On administrative efficiency, the Court held that the "availability of these benefits elsewhere [in Alaska] persuades us that administrative difficulties are not an insurmountable barrier to providing benefits if our constitution requires that they be provided." Tbus, they concluded that "the absolute exclusion of same-sex couples is not substantially related to the goal of maximizing administrative efficiency".

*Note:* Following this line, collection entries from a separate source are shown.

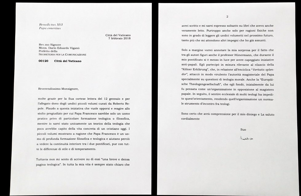 Miután nagy vihart kavart, hogy korábban a Vatikáni Sajtóközpont csak egy részét tette közzé Benedek pápa levelének, amelyet a Ferenc pápa teológiáját bemutató könyvsorozat kapcsán írt, március 17-én nyilvánosságra hozták a levelet teljes terjedelmében.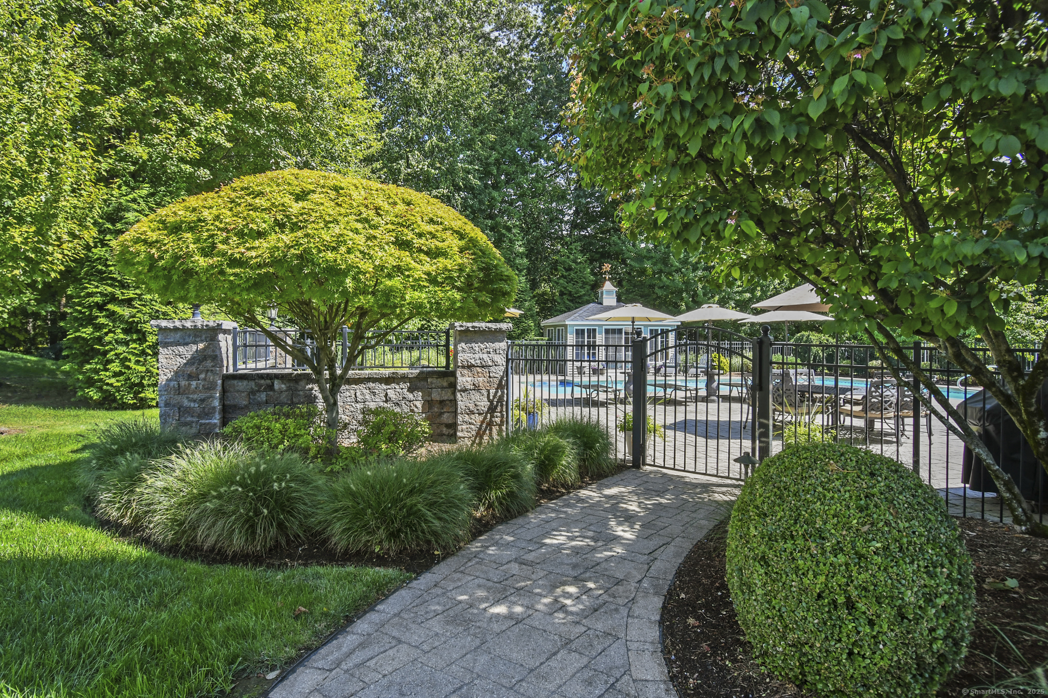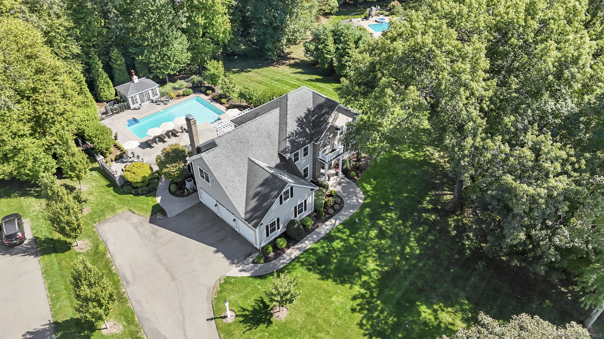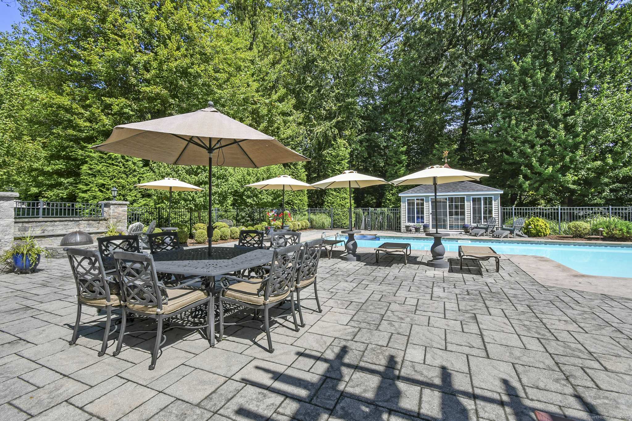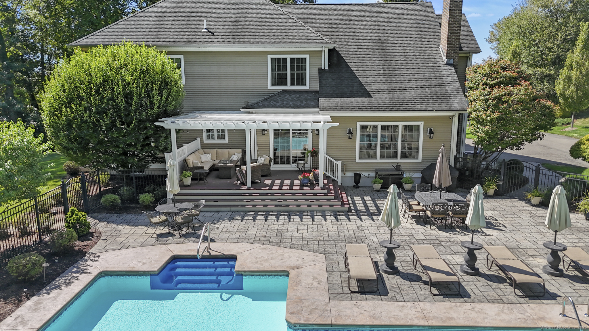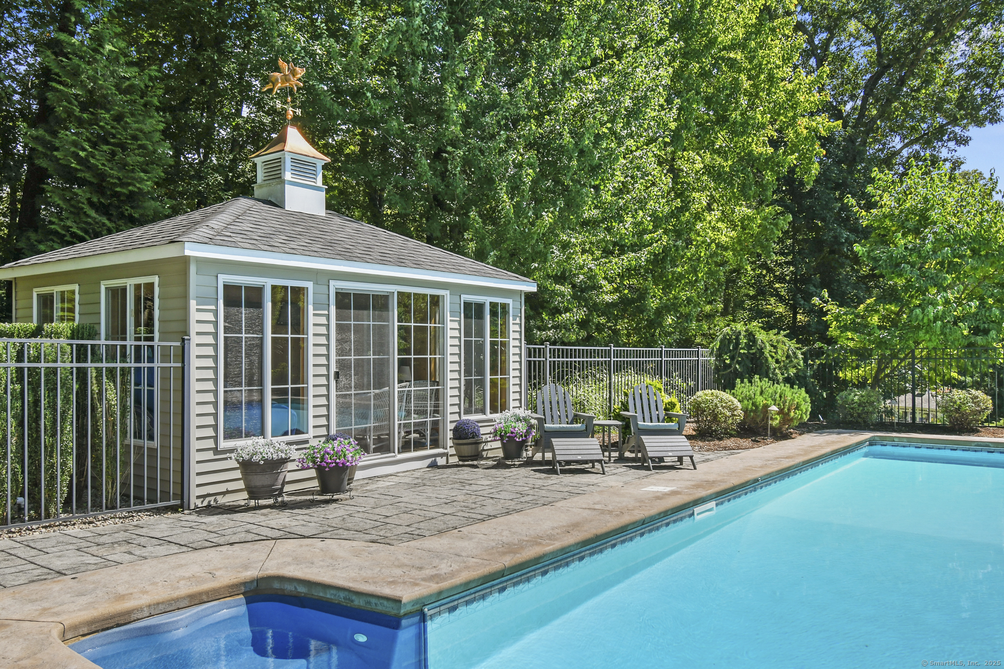 Exquisite Colonial with Pool, Finished Basement & Elegant Finishes. Welcome to this beautifully maintained 4-bedroom, 3.5-bath colonial, perfectly situated on 1.4 private acres at the end of a quiet cul-de-sac. From the moment you step inside, you'll be greeted by gleaming hardwood floors, crown molding, and wainscoting that flow seamlessly throughout the home, creating an atmosphere of timeless elegance. The spacious floor plan offers a perfect blend of formal and casual living spaces. The updated primary suite is a true retreat, featuring a newly renovated spa-like bathroom with a luxurious soaking tub and heated flooring for year-round comfort. The beautifully finished lower level expands your living space with a large living room, a full bar/kitchen, a full bathroom with shower, a dedicated exercise room, and a pantry for extra storage-all designed with the same attention to detail and beautiful finishes found throughout the home. Step outside to your own backyard oasis. The in-ground pool, pool house, built-in fire pit and expansive patios are ideal for summer entertaining or relaxing in total privacy. Meticulously maintained inside and out, this home offers the perfect combination of classic style and modern upgrades.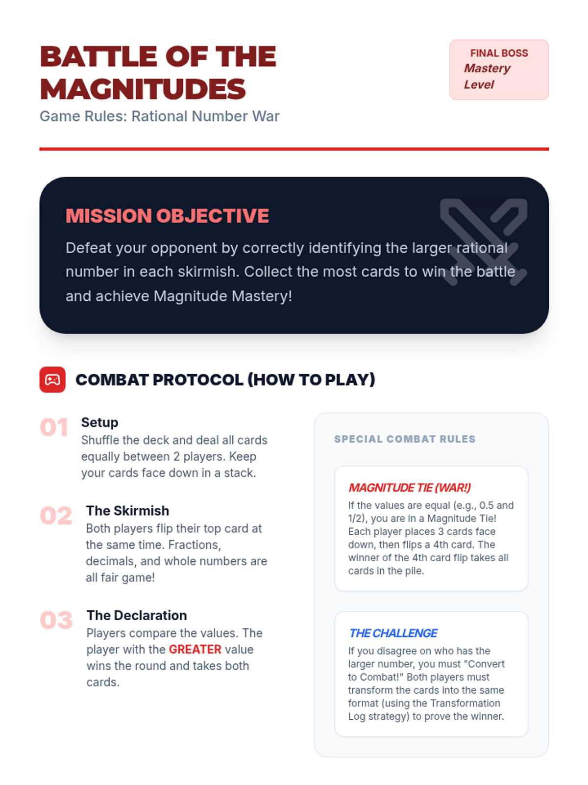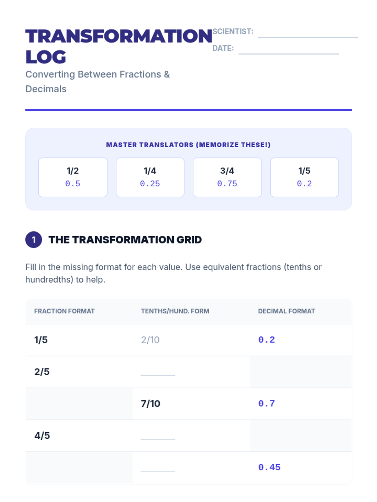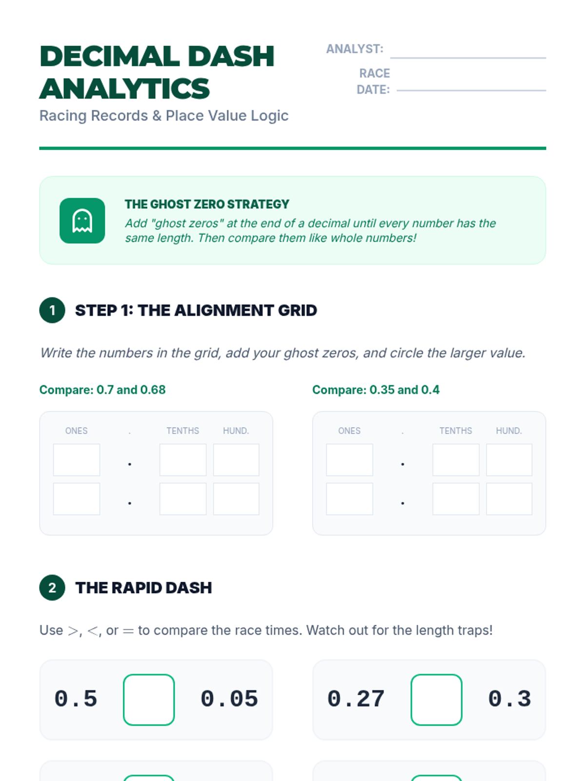 A comprehensive sequence for 4th graders to master comparing and ordering rational numbers (fractions and decimals). Students move from basic reasoning about fraction sizes to complex ordering of mixed formats using logic-based strategies and kinetic activities.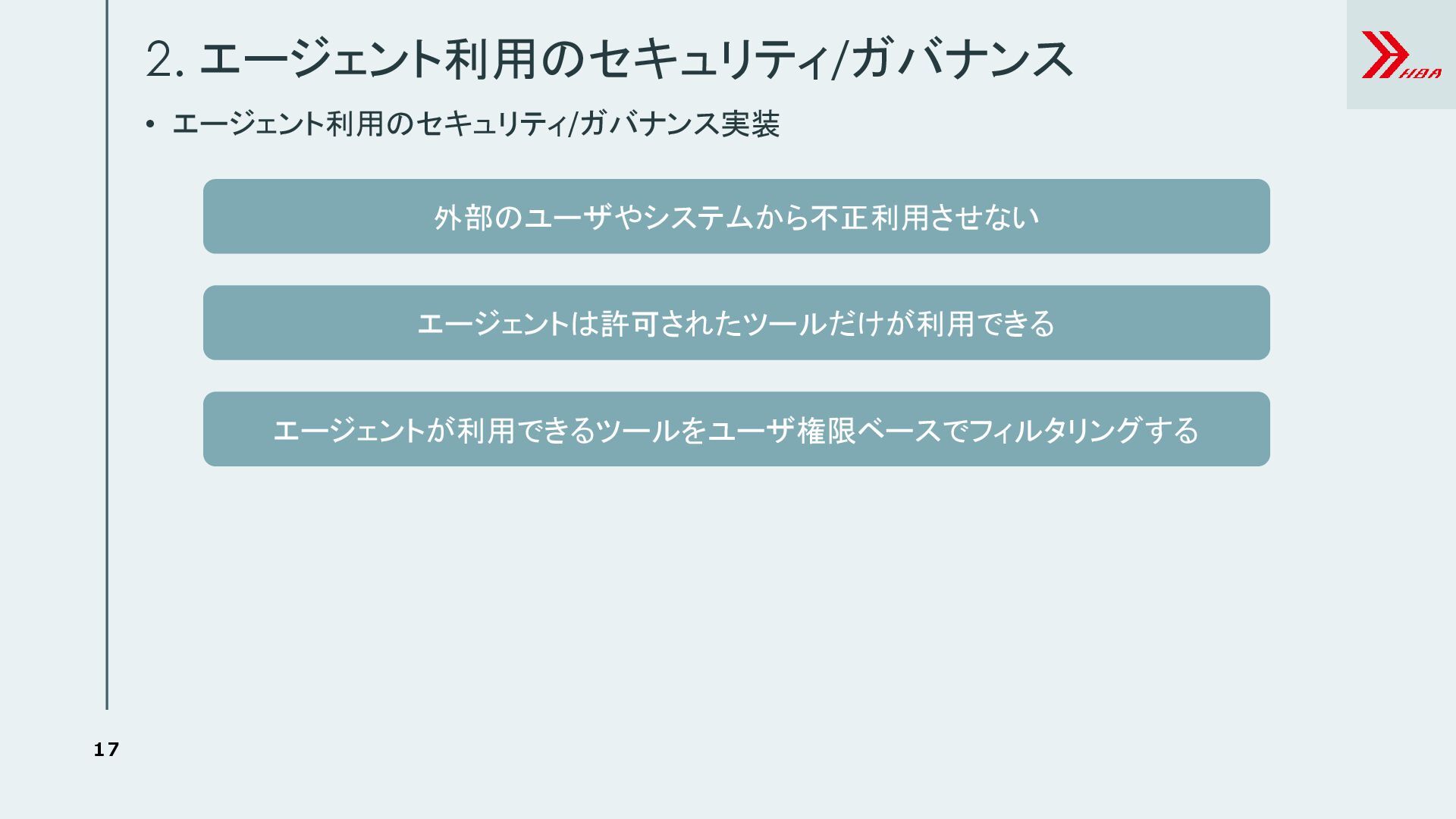 9. 19 2. エージェント利用のセキュリティ/ガバナンス • 外部のユーザやシステムから不正利用させない(ツール) • エージェントは許可されたツールだけが利用できる • エージェントのIAMロールに直接ツールへの権限を与えない。 •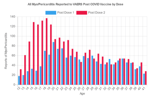 A closer look at VAERS data (US Vaccine dverse Event Reporting System) shows that heart damage is ubiquitous throughout the vaccinated population, and the damage is being diagnosed in multiple ways. Acute cardiac failure rates are now 475 times the normal baseline rate in VAERS. Tachycardia rates are 7,973 times the baseline rate. Acute myocardial infarction is 412 times the baseline rate. The rates of internal haemorrhage, peripheral artery thrombosis, coronary artery occlusion are all over 300 times the baseline rate.
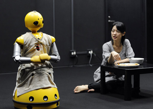 11月25日,在日本大阪大學(xué),一個(gè)取名為若丸的機(jī)器人與一名女演員同臺(tái)表演。當(dāng)天,這臺(tái)時(shí)長(zhǎng)為20分鐘的演出由機(jī)器人與演員共同完成,該劇有可能于明年公演。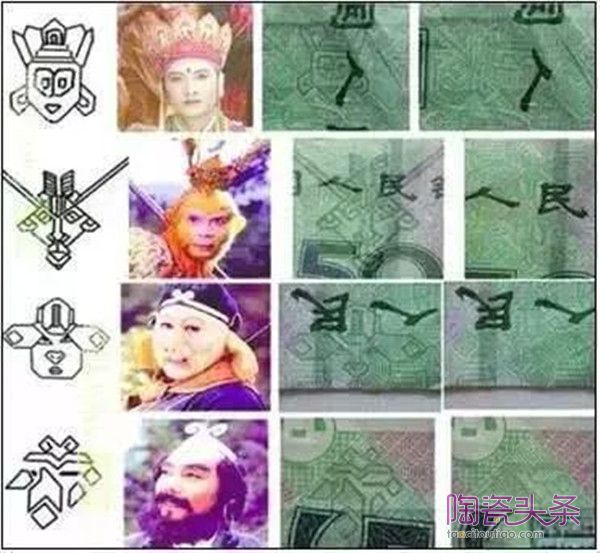 到了50元,給人的感覺就復(fù)雜很多了,網(wǎng)友們?cè)?jīng)發(fā)現(xiàn)50元人民幣上面的紋飾,看上去像是四個(gè)人,于是自然而然就聯(lián)想到了一個(gè)由四個(gè)人做主角的傳統(tǒng)文化作品——《西游記》。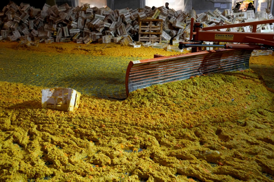 Τόνοι πορτοκαλιών πετάχτηκαν και φέτος στην Ιβρέα της Ιταλίας, σε μια προσπάθεια να αναπαρασταθεί η περίφημη μάχη των πορτοκαλιών.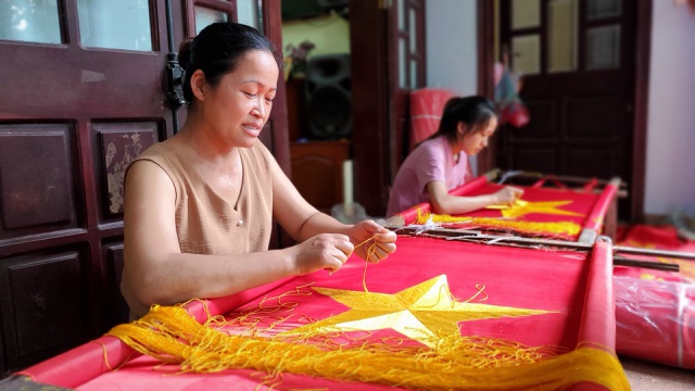 Những ngày cận kề Quốc khánh 2/9, không khí làm việc ở các xưởng thêu, may cờ Tổ quốc tại làng Từ Vân (Hà Nội) khẩn trương với tiếng máy cắt vải, máy khâu, tiếng nói cười rộn rã của người làm nghề...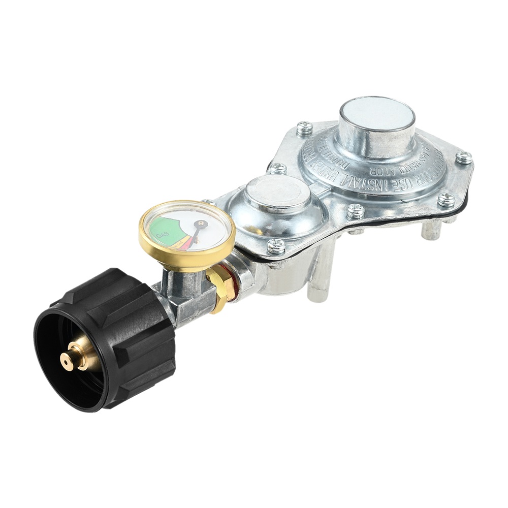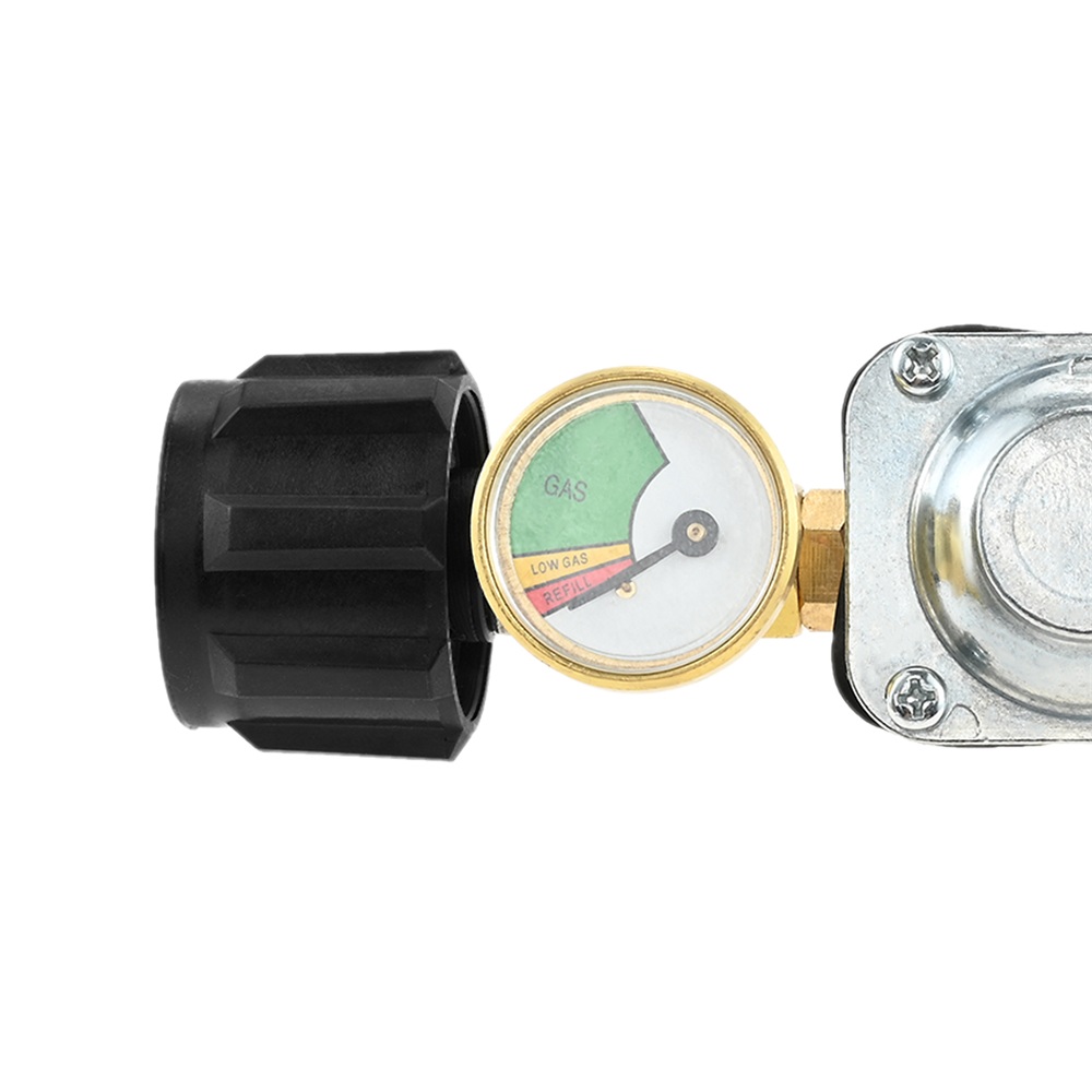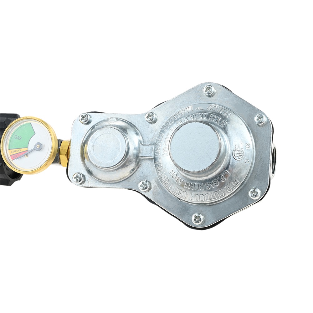 • Features:  1, Made of Brass and high-quality zinc alloy for enhanced durability and corrosion resistance.  2, Features a QCC1/Type 1 connection on one end and a 3/8-inch Female NPT connection on the other.  3, Upgraded with a gauge, so that you can easily monitor the gas pressure!  4, Outlet Pressure: 11" W.C, BTU: 180,000/hr.  5, The regulator handwheel end fits all 5-40 lb propane tanks.  6, The 3/8-inch Female NPT connector at the other end allows flexible connection to propane hoses of any length.  7, The two-stage propane regulator excels in gas flow and pressure control.  8, It ensures a consistent gas flow while minimizing fluctuations caused by temperature or tank pressure changes.

On the asserted interest in promoting marriage, the Court rejected plaintiffs' contention that "the state is not truly interested in promoting marriage, because, if it were, it would not have prevented gays and lesbians from entering into married relationships", and noted that "just because the legislature did not want to promote same-sex marriage does not mean it did not have a sincere interest in promoting "traditional" marriage", and held that promoting marriage is at least a legitimate government interest. They then held that "restricting eligibility to persons in a status that same-sex domestic partners can never achieve — cannot be said to be related to that interest", noting that "[t]here is no indication here that denying benefits to public employees with same-sex domestic partners has any bearing on who marries. There is no indication here that granting or denying benefits to public employees with same-sex domestic partners causes employees with opposite-sex domestic partners to alter their decisions about whether to marry. There is no indication here that any of the plaintiffs, having been denied these benefits, will now seek opposite-sex partners with an intention of marrying them. And if such changes resulted in sham or unstable marriages entered only to obtain or confer these benefits, they would not seem to advance any valid reasons for promoting marriage."

The Court thus held that the denial of benefits violate equal protection.

The case was remanded to the superior court for a remedy.